En una situación de crisis como la actual, gestionar significa dirigir, avanzarse a los acontecimientos. Aspirar a construir un país mejor debería significar que por fin se acaba con el caciquismo partidista

El Govern incluso gestiona mal las alegrías. La consellera Maria Àngels Chacón, también del PDeCAT, dejó pasar como si nada el anuncio que Seat invertirá 5.000 millones de euros entre el 2020 y el 2025 en nuevos proyectos de R+D para el desarrollo de vehículos en su centro técnico, especialmente eléctricos, y en la renovación de equipos e instalaciones en las plantas de Martorell (Baix Llobregat), Barcelona y el Prat de Llobregat (Componentes). Modest Guinjoan ha explicado el alcance de la medida en su columna de este diario. Tan preocupada como dice estar por la ideología y por el modelo industrial catalán, aquí la consellera de Empresa i Coneixement ha perdido la ocasión de confrontarse, por ejemplo, con la concejala de los comunes, Janet Sanz, que tiempo atrás reclamó aprovechar la crisis sanitaria para acabar con la industria automovilística. Como recogen los manuales de politología: la política es la traducción en medidas —en acción— de la ideología.

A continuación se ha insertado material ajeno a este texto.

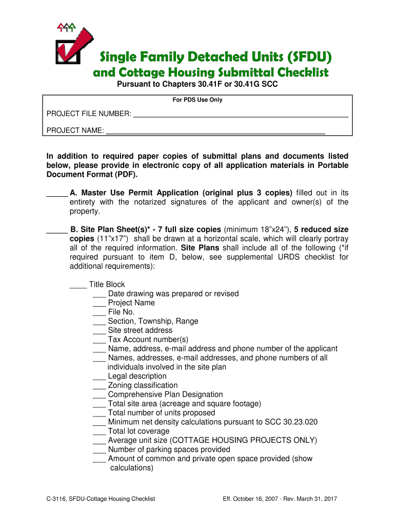 Single Family Detached Units (SFU) and Cottage Housing Submittal Checklist Pursuant to Chapters 30.41F or 30.41G SCC For PDS Use OnlyPROJECT FILE NUMBER: PROJECT NAME:In addition to required paper

Oriol Junqueras respondía a la pregunta que le formularon ayer en una entrevista sobre qué nota pondría al Govern y a ERC durante la pandemia, que no se trata de poner notas, sino de elogiar que “que todo el Govern se ha dejado la piel, del primero al último”. Es un ejercicio de autocomplacencia extraordinario, propio de otras épocas. La cuestión, me parece, no es dejarse la piel o “ganar experiencia y preparase para hacerlo mejor”. Un gobierno no es una escuela donde aprender a hacer política o a gestionar (el gobierno anterior, sea dicho de paso, ya tenía un proyecto para rehacer la Escuela de Administración Pública que no prosperó). A la mesa del consejo ejecutivo se llega graduado. El problema es que los consellers y conselleres son nombrados por razones que no tienen nada que ver con su capacidad política (un conseller tiene que ser un político que vaya acompañado de un equipo técnico de primera línea y no de los habituales “amigos” políticos), y que los departamentos se reducen o se amplían para satisfacer a los partidos —una de las mayores majaderías, que viví en primera línea, fue agrupar en un mismo departamento Governació y Habitatge—. Es de esta manera que se acaba por confundir un gobernante con un aprendiz, como si los consellers fueran como los meritorios de antaño. En una situación de crisis como la actual, gestionar significa dirigir, avanzarse a los acontecimientos. Aspirar a construir un país mejor debería significar que por fin se acaba con el caciquismo partidista.

PD: Que la juez en funciones del número 1 de Lleida haya anulado con tanta facilidad la decisión del Govern de la Generalitat de confinar otra vez Lleida y siete municipios más del Segrià, demuestra que la autonomía no sirve para gobernar. Aunque Cataluña dispusiera de un buen Govern, las constricciones son tantas que solo queda una salida: la independencia.